# Concert Pics - Festival



## leeroix (May 13, 2013)

OK. I will continue to add to this thread rather than start multiple threads.  First off, I'm glad I posted on Friday and got some quick feedback because it definitely helped with composition for the rest of the show. Thanks for the advise everybody  As I edit the photos, Ill get them up. 

Enjoy...




BlackKeys1 by keips66, on Flickr
The Black Keys



DaveNavarro1 by keips66, on Flickr
Jane's Addiction - Dave Navarro



KingsofLeon1 by keips66, on Flickr
The Kings of Leon


----------



## harmonn2 (May 13, 2013)

All are fantastic. #3 is my favorite because of his expression and the dramatic lighting on his face, but that's not to take away from the other two at all because they are also great.


----------



## Derrel (May 13, 2013)

These seem well-exposed and processed nicely. The lens does well when shooting against the light.


----------



## Steve5D (May 13, 2013)

That shot of Navarro is epic. Maybe, though, crop it so he's a little more to the left?

Nice work, man...


----------



## leeroix (May 13, 2013)

more...



DaveNavarro3 by keips66, on Flickr
Dave Navarro



JanesAddiction1 by keips66, on Flickr
Perry Farrell



KingsofLeon2 by keips66, on Flickr
Kings of Leon


----------



## leeroix (May 13, 2013)

BlackKeys3 by keips66, on Flickr
Black Keys



BlackKeys2 by keips66, on Flickr
Black Keys


----------



## leeroix (May 13, 2013)

more...



JanesAddiction2 by keips66, on Flickr
Janes Addiction



BadReligion by keips66, on Flickr
Bad Religion


----------



## leeroix (May 13, 2013)

KingsofLeon3 by keips66, on Flickr
Kings of Leon



JanesAddiction3 by keips66, on Flickr
Perry Ferrell getting drunk!


----------



## leeroix (May 13, 2013)

I know I have way too many pics here... But thats a good thing right?

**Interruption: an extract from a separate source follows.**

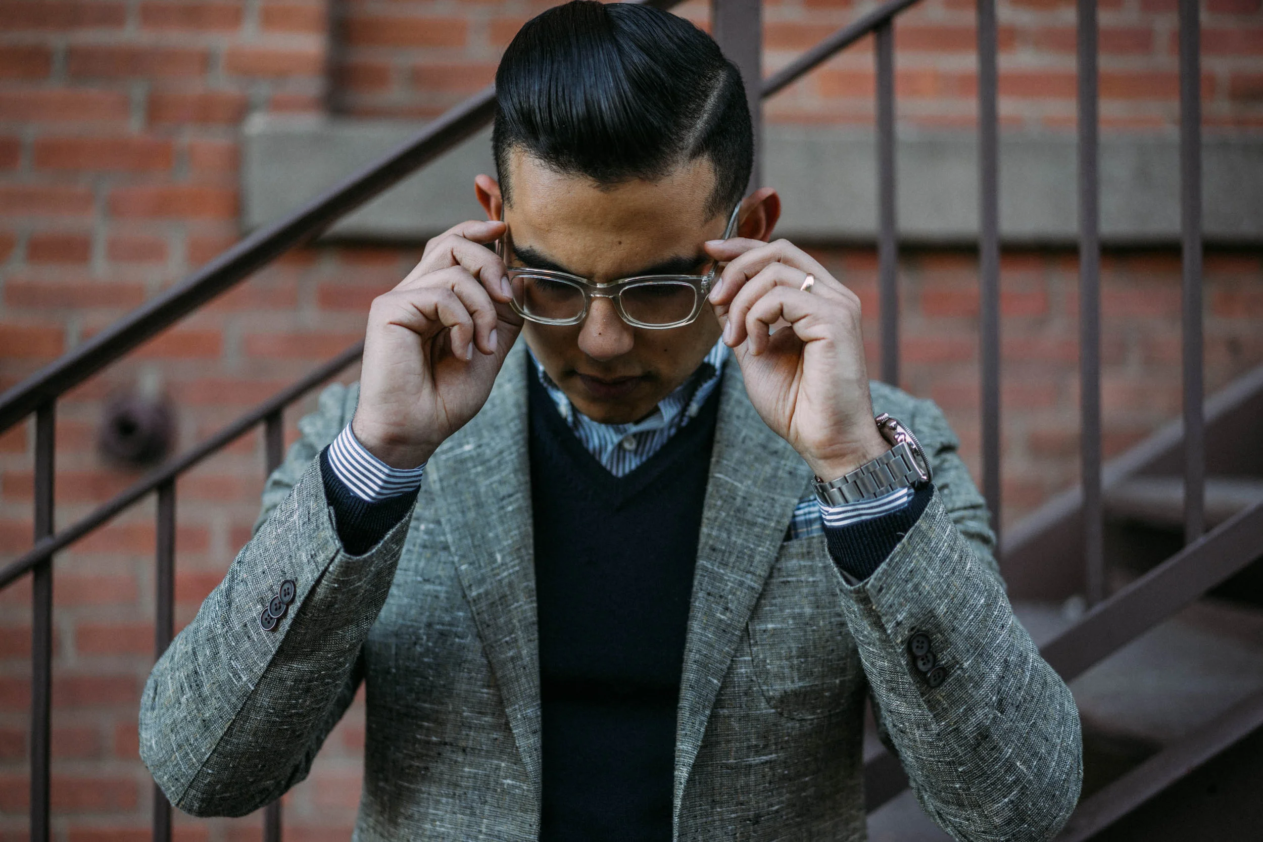 Jacket: Suitsupply (just like this one) | Sweater: Brooks Brothers | Shirt: Suitsupply (similar here) | Jeans: Levi's | Boots: Johnston & Murphy | Watch: Shinola | Glasses: Moscot (just like these) | Pocket Square: Ralph Lauren (also dig this one)

BlackKeys4 by keips66, on Flickr
Patrick Carney - The Black Keys



BlackKeys5 by keips66, on Flickr

Dan Auerbach - The Black Keys


----------



## Derrel (May 13, 2013)

SonofaBEEhive, man!!!  ...the pics just keep getting better and better!!!!


----------



## R3d (May 13, 2013)

These are great!


----------



## 5timedad4ever (May 13, 2013)

They were all great pics. I really enjoyed the life like capture you provided with these photos. Keep shooting these pics were well worth looking at.


----------



## gregtallica (May 14, 2013)

These are so awesome. I'm loving every single one. You're a lucky dude!


----------



## leeroix (May 14, 2013)

JanesAddiction4 by keips66, on Flickr



Shins1 by keips66, on Flickr



KingsofLeon4 by keips66, on Flickr


----------



## PixelRabbit (May 14, 2013)

Derrel said:


> SonofaBEEhive, man!!!  ...the pics just keep getting better and better!!!!



TOTALLY this great set!!!


----------



## gregtallica (May 14, 2013)

Great detail on Dave's nipple ring!


----------



## leeroix (May 14, 2013)

Thanks Guys! Im actually kinda sad that I'm not there shooting this week. It was so much fun! I met some really cool people too! Cant wait until the next gig!


----------



## leeroix (May 16, 2013)

slightly different angle, different crop, and BW...



DaveNavarro4 by keips66, on Flickr


----------



## jwbryson1 (May 16, 2013)

Leeroix, you look a bit like Perry Farrell in your avatar!  Great set man.  Looks like a lot of fun!!


----------



## leeroix (May 16, 2013)

haha he was copying me....


----------



## leeroix (Jan 30, 2014)

Diggin it up but... I tried some different processing from some stuff I just learned.



BLACKKEYSREEDIT2 by keips66, on Flickr



BLACKKEYSREEDIT by keips66, on Flickr


----------